++++ ENTRIES PROVIDED

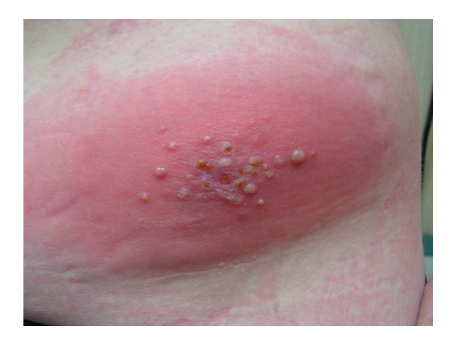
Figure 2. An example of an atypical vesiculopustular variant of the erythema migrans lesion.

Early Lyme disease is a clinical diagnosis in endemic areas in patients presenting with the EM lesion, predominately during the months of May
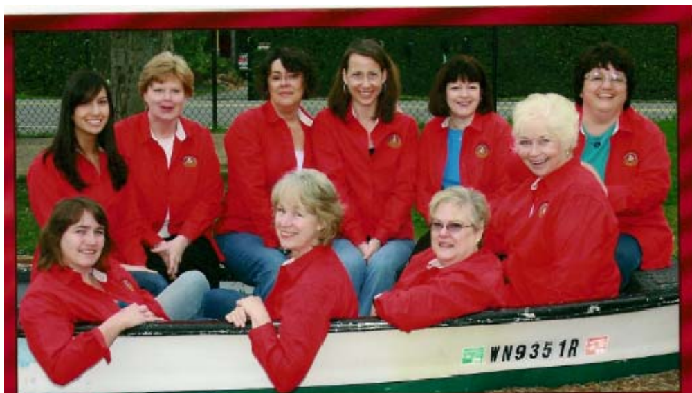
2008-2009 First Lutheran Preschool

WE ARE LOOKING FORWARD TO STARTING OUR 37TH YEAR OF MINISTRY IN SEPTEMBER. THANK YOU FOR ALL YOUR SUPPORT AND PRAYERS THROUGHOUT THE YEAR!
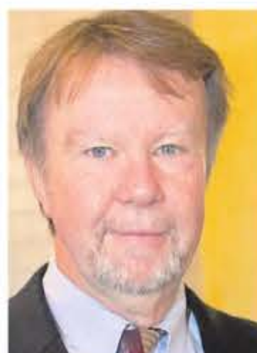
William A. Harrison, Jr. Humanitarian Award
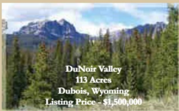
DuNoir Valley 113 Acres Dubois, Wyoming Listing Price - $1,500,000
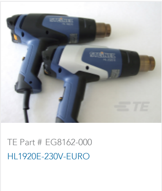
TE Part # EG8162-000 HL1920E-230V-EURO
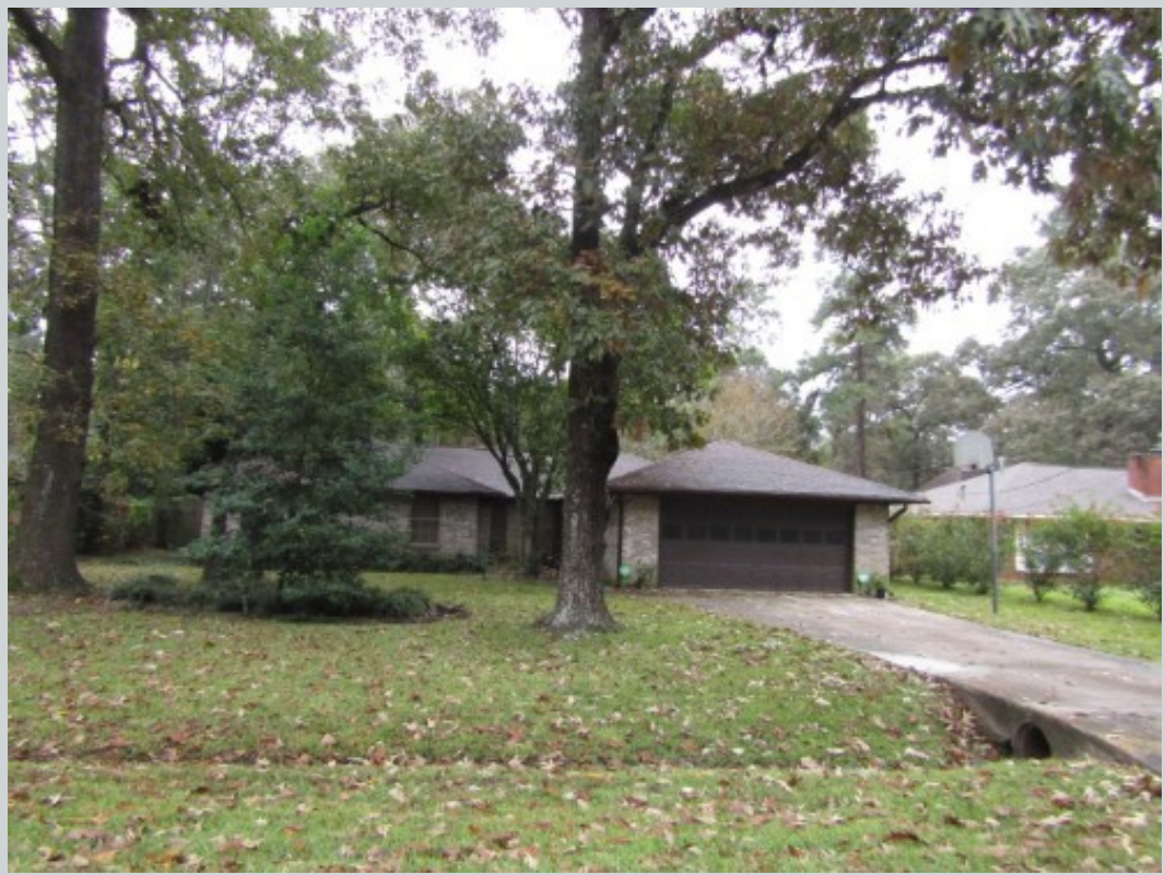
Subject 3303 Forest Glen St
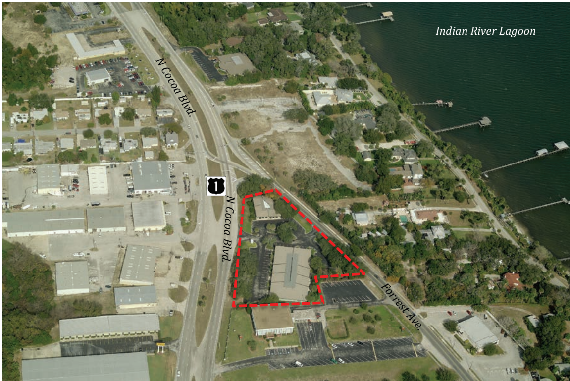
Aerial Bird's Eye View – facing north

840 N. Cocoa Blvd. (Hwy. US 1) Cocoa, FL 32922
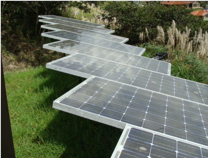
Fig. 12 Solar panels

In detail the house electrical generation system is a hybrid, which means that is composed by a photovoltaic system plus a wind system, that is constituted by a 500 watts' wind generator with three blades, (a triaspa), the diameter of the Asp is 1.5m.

++++++++
++++ ENTRIES PROVIDED

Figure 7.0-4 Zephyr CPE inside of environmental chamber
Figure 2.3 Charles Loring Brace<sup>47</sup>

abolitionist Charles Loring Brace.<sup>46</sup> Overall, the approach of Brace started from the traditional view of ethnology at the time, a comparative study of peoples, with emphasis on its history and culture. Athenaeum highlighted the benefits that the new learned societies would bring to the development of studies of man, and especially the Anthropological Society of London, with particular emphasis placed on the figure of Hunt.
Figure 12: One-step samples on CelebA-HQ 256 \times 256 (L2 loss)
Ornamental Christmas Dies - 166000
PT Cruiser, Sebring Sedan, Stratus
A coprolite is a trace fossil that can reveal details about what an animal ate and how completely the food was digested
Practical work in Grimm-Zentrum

++++++++
++++ ENTRIES PROVIDED

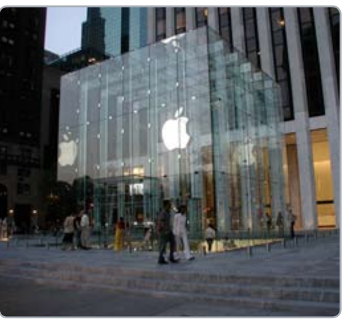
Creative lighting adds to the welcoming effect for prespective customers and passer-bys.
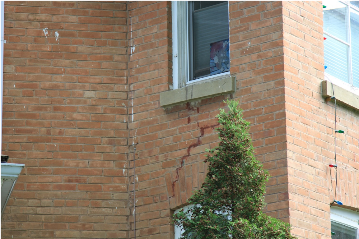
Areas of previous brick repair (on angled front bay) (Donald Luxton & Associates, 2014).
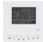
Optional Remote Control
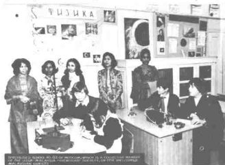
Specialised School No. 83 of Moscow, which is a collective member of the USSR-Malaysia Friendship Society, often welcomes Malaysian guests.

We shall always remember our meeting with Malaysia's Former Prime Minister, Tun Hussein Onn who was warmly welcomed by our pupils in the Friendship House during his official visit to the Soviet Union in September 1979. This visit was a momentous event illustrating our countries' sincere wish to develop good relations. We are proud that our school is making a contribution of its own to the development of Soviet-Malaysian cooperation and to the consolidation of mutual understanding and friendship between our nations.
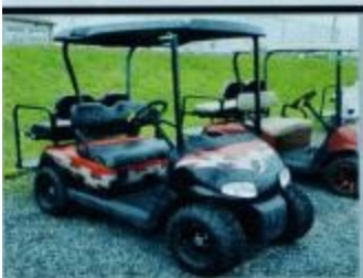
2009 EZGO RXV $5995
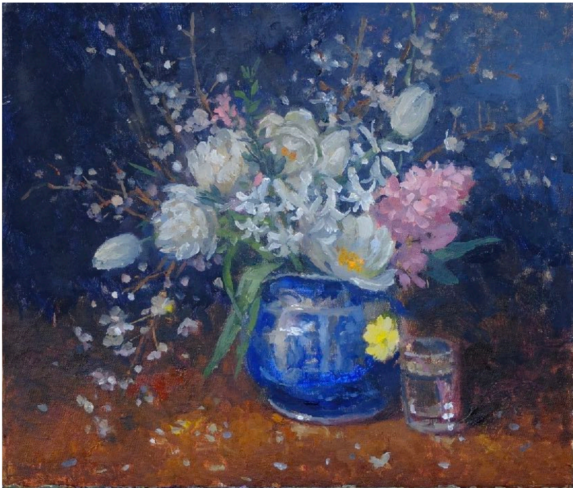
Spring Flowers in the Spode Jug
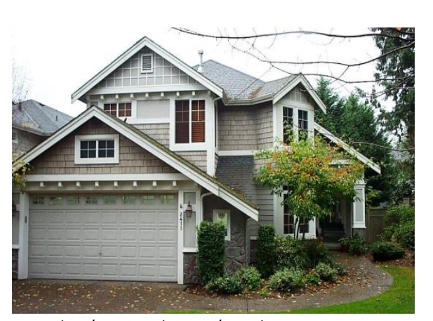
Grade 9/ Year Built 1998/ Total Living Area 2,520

++++++++

• **WORK ORDER**: When copying from the data above, print only the lines from the line containing "Figure 2. An" to the line containing "Fig. 12 Solar panels", exactly, and leave the pictures out.

• **TASK RESULT**:
Figure 2. An example of an atypical vesiculopustular variant of the erythema migrans lesion.

Early Lyme disease is a clinical diagnosis in endemic areas in patients presenting with the EM lesion, predominately during the months of May
2008-2009 First Lutheran Preschool

WE ARE LOOKING FORWARD TO STARTING OUR 37TH YEAR OF MINISTRY IN SEPTEMBER. THANK YOU FOR ALL YOUR SUPPORT AND PRAYERS THROUGHOUT THE YEAR!
William A. Harrison, Jr. Humanitarian Award
DuNoir Valley 113 Acres Dubois, Wyoming Listing Price - $1,500,000
TE Part # EG8162-000 HL1920E-230V-EURO
Subject 3303 Forest Glen St
Aerial Bird's Eye View – facing north

840 N. Cocoa Blvd. (Hwy. US 1) Cocoa, FL 32922
Fig. 12 Solar panels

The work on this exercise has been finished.